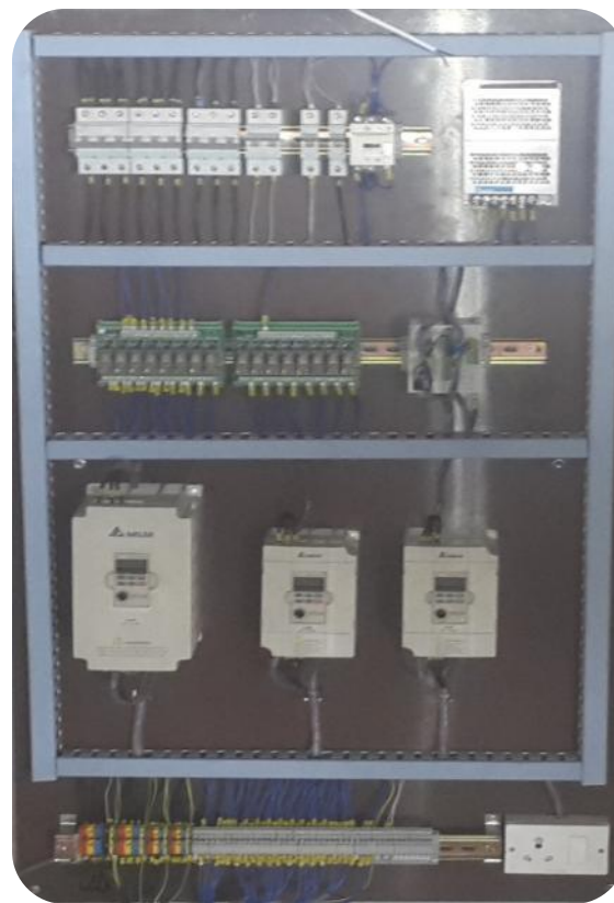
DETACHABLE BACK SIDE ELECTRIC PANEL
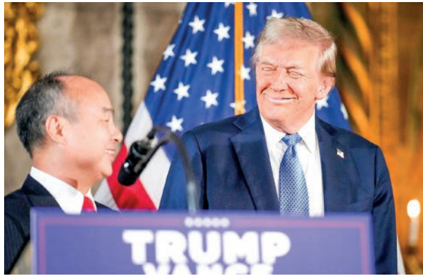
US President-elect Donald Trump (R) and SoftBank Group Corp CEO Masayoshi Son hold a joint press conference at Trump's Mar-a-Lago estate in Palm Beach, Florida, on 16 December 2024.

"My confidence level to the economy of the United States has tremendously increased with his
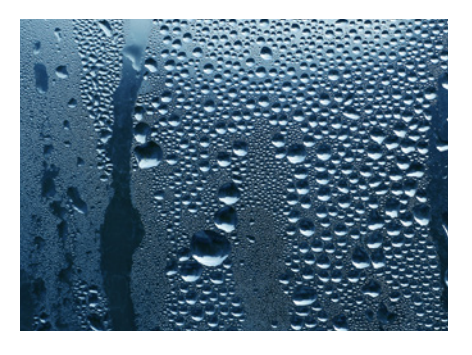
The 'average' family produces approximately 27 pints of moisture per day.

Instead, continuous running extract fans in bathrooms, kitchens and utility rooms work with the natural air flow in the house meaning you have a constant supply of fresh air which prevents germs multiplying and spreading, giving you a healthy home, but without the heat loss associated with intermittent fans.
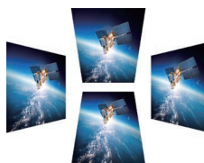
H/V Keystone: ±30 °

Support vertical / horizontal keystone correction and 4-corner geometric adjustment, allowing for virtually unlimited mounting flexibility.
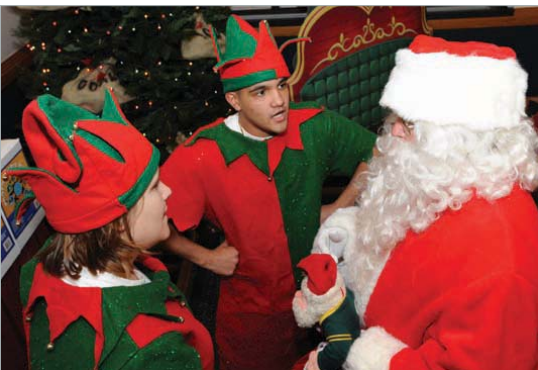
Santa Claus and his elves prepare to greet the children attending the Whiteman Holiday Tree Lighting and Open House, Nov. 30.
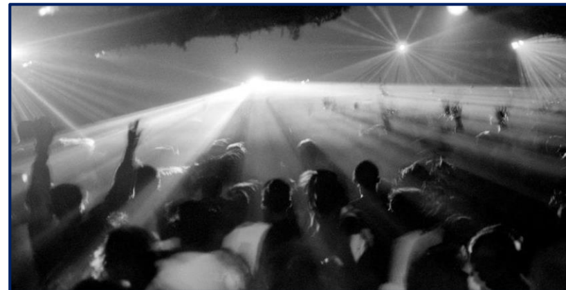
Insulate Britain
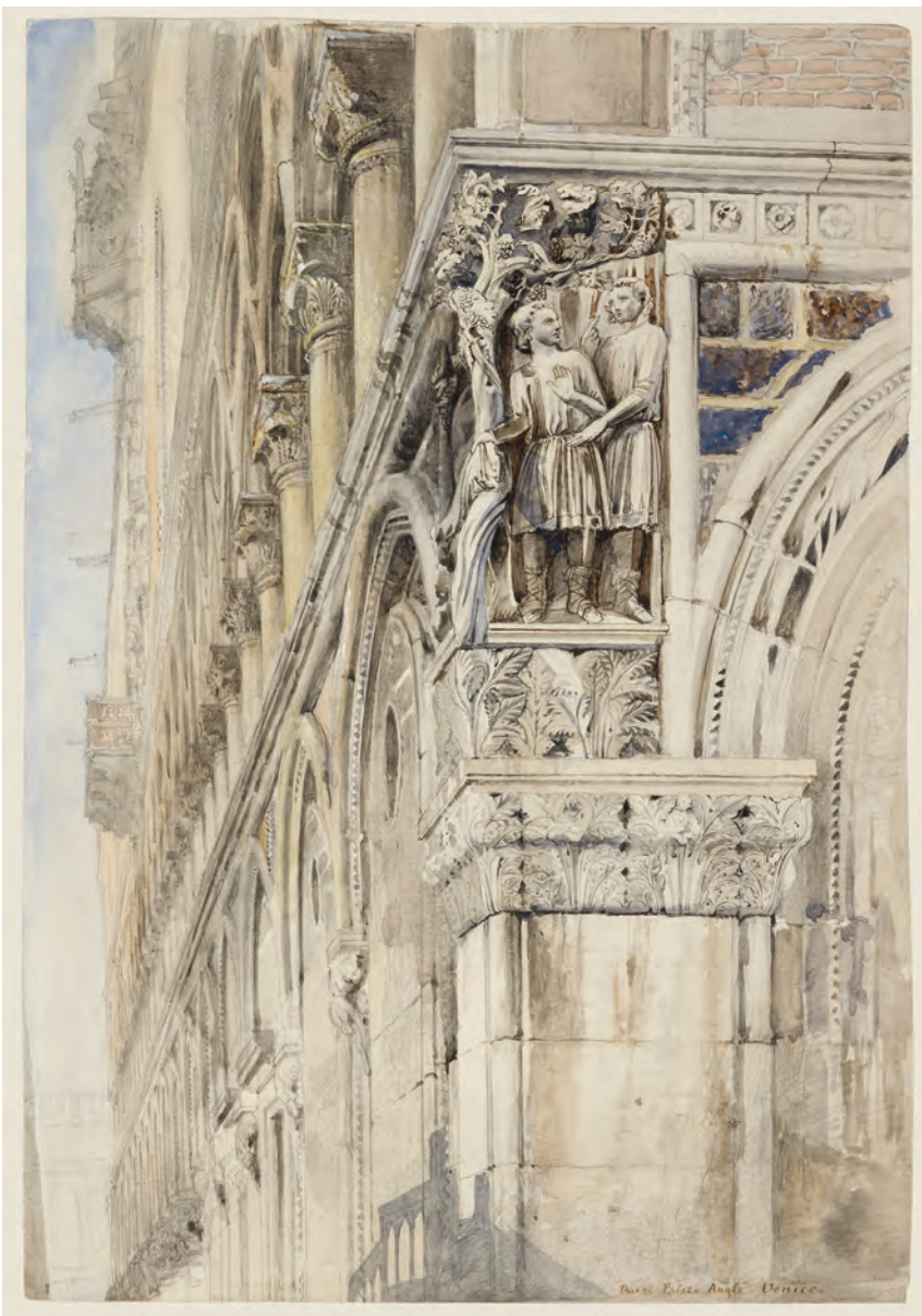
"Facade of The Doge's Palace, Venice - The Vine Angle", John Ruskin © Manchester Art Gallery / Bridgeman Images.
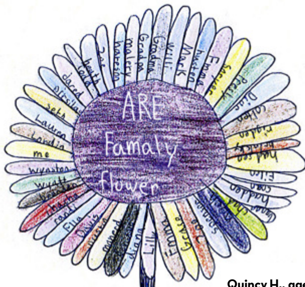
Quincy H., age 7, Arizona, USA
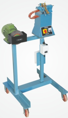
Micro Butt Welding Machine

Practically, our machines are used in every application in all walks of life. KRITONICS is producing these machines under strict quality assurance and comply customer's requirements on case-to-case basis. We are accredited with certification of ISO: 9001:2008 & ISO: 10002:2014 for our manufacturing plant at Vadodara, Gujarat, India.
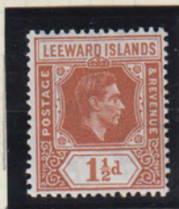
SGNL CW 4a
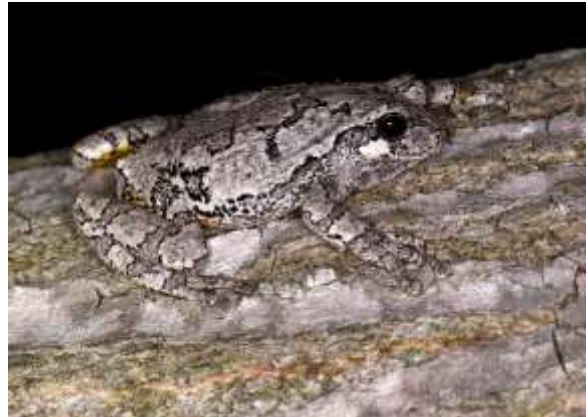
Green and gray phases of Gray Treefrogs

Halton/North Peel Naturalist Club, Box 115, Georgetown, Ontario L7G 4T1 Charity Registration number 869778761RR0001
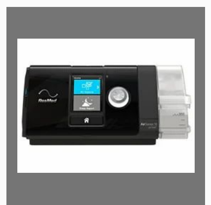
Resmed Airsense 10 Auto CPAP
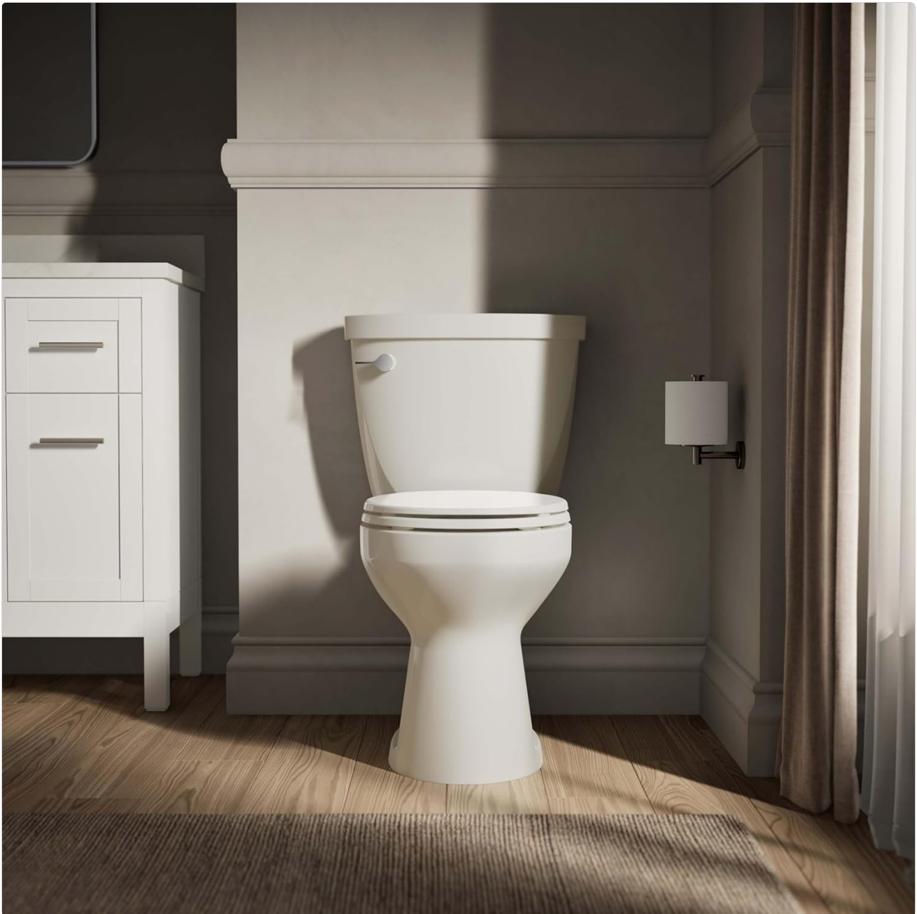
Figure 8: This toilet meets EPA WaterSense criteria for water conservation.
--------
Return each full line of the entries that contains the word "with".

▶ **RESPONSE AREA**:
"My confidence level to the economy of the United States has tremendously increased with his
Instead, continuous running extract fans in bathrooms, kitchens and utility rooms work with the natural air flow in the house meaning you have a constant supply of fresh air which prevents germs multiplying and spreading, giving you a healthy home, but without the heat loss associated with intermittent fans.
Practically, our machines are used in every application in all walks of life. KRITONICS is producing these machines under strict quality assurance and comply customer's requirements on case-to-case basis. We are accredited with certification of ISO: 9001:2008 & ISO: 10002:2014 for our manufacturing plant at Vadodara, Gujarat, India.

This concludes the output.